Oswego is the last track in the world to utilize supermodifieds in its weekly programs. The modern supermodified car is a front-engine / rear-drive vehicle with a big block Chevrolet engine mounted on the left side of the chassis to maximize kinetic force for left turns on the 5/8-mile, asphalt track. The normally aspirated, fuel-injected engines make 900 or more horsepower, or one horsepower or more for each two pounds of weight (1800-lb. minimum). Up to and including the 2018 season, Oswego supermodifieds were unwinged, having wedge-shaped bodywork to provide downforce. The fastest non-wing supermodifieds were capable of circling the track in less than 16.5 seconds, averaging better than 136 miles per hour in the process. For the 2019 season, Oswego supermodifieds will utilize fixed rear-wings for downforce.

Oswego Speedway supermodified class track champions have included multi-time champs Otto Sitterly (nine times, 2006-2014, 2018, 2019), Nolan Swift (eight times, 1953–71), Bentley Warren (seven times, 1983–93), Jim Shampine (seven times, 1967–79), Greg Furlong (four times, 2000–07), Eddie Bellinger, Sr. (three times, 1957–60), Doug Didero (three times, 1994–96) and Mike Muldoon (three times, 1997-1999).

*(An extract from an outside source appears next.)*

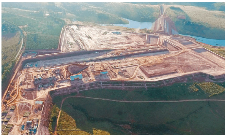
Figura 4: Imagem empresa Galvani na Serra do Salitre

Other classes running regularly at Oswego Speedway during the season that extends from April through September include the Oswego Speedway Small Block Supermodifieds and 350 Winged Supermodifieds. It has featured DART Asphalt Modified Tour cars and Buckeye Super (winged asphalt) Sprint Cars. The track also hosts the International Supermodified Association (ISMA) and Midwest Supermodified Association (MSA) supermodifieds (both having air-strut adjustable top wings). Some Whelen Modified drivers occasionally race at Oswego including Matt Hirschman, his father Tony, Zane Zeiner, and Bryon Chew.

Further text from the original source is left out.